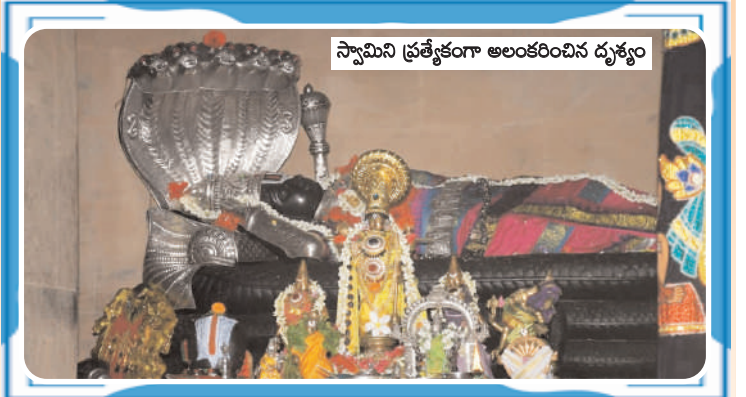
స్వామిని ప్రత్యేకంగా అలంకరించిన దృశ్యం
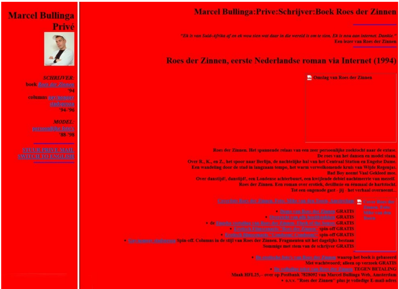
Homepage Roes der Zinnen, ca. 2000 (zonder omslag) 80
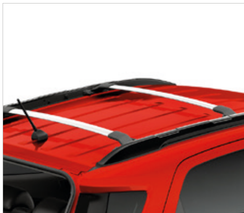
BAGAŻNIK DACHOWY (1 876 580)

WSZYSTKIE WERSJE WYPOSAŻONE W RELINGI | 1 027,-
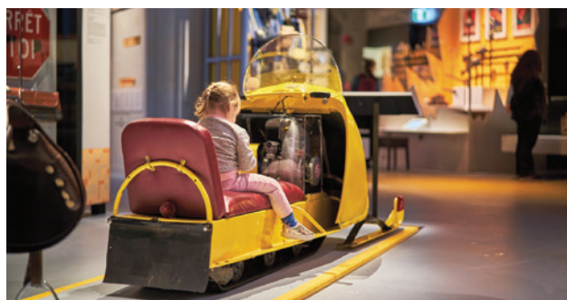
À la demande générale, l'exposition Coup de cœur! Nos collections s'exposent est prolongée jusqu'en janvier 2024.
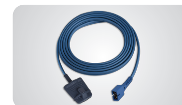
Mäkký snímač pre dospelých
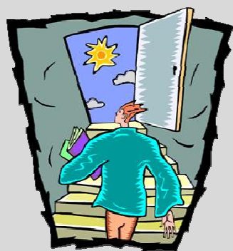
Tableau des répercussions
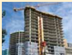
Tv Towers, Canadá

A Doka no mundo: TV Towers no Canadá e viaduto único na Bavária ..... 11
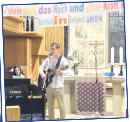
Buß- und Betttag Gottesdienst
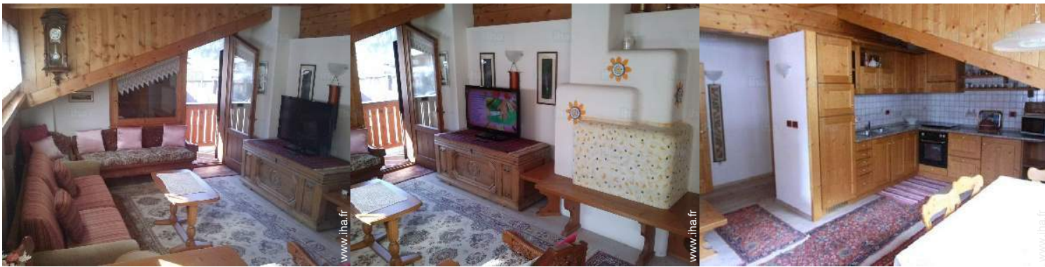
vue depuis le séjour
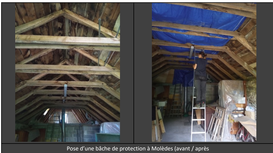
Pose d'une bâche de protection à Molèdes (avant / après)

Nos animateurs avaient l'expérience de pose d'une bâche puisque c'est grâce à ce dispositif que nous avons pu convaincre le propriétaire d'une grange au Mas, de conserver la colonie de reproduction de Petits Rhinolophes. Ici à Molèdes le comble était plus vaste, la jonction avec l'autre grenier, avec passage de gaine de vmc, rendait la tâche plus délicate. Une journée de travail à deux a été nécessaire.
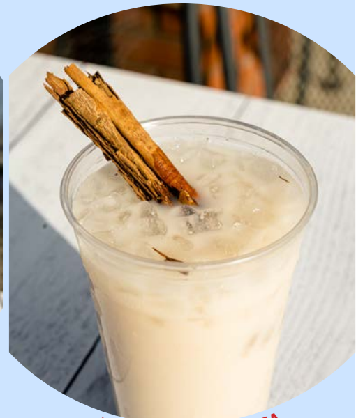
AGUA DE HORCHATA
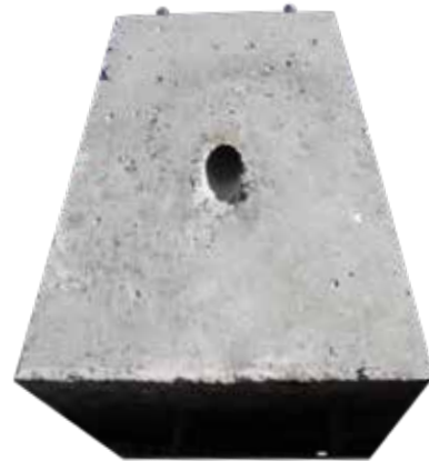
BASE DE CONCRETO 1X1.50X60
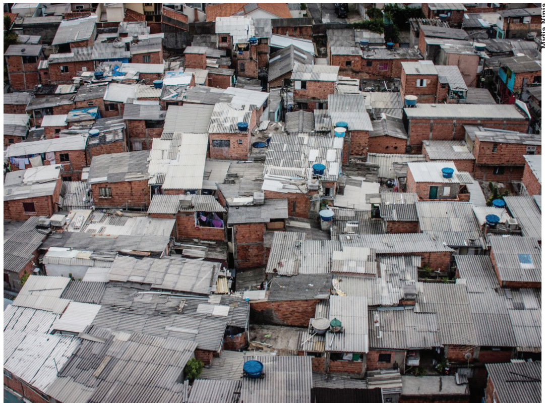
Uma desigualdade criminosa, comum de se ver em São Paulo, promovida pelo Governo Alckmin

e precisa ser frequentemente socorrida pela água do Sistema Cantareira (esse falido).
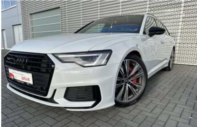
Fritz Thomas GmbH & Co. KG
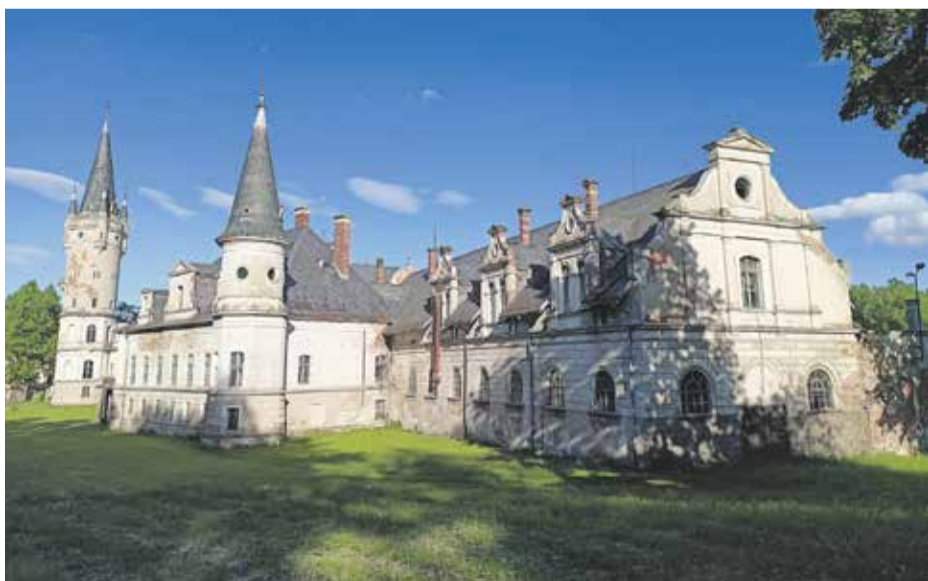
Pałac w Bożkowie
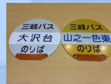
バス停看板 （三岐バス）
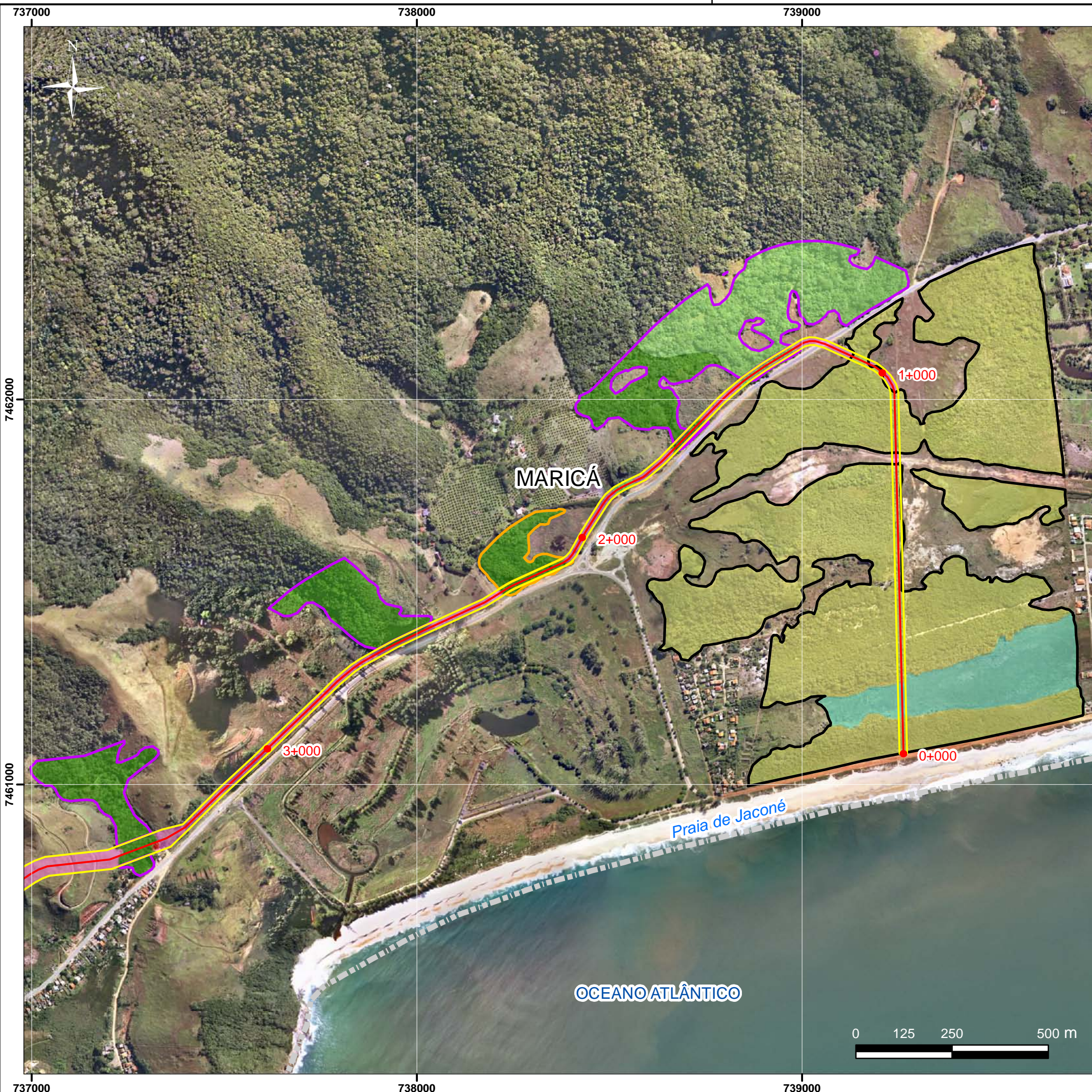
Mapa de Localização
......
* Exercise objective
Copy nothing but the lines above that run from the one with "Nos animateurs avaient" to the one with "Uma desigualdade criminosa, comum", ends included; pictures stay out.

* Result of this exercise
Nos animateurs avaient l'expérience de pose d'une bâche puisque c'est grâce à ce dispositif que nous avons pu convaincre le propriétaire d'une grange au Mas, de conserver la colonie de reproduction de Petits Rhinolophes. Ici à Molèdes le comble était plus vaste, la jonction avec l'autre grenier, avec passage de gaine de vmc, rendait la tâche plus délicate. Une journée de travail à deux a été nécessaire.
AGUA DE HORCHATA
BASE DE CONCRETO 1X1.50X60
Uma desigualdade criminosa, comum de se ver em São Paulo, promovida pelo Governo Alckmin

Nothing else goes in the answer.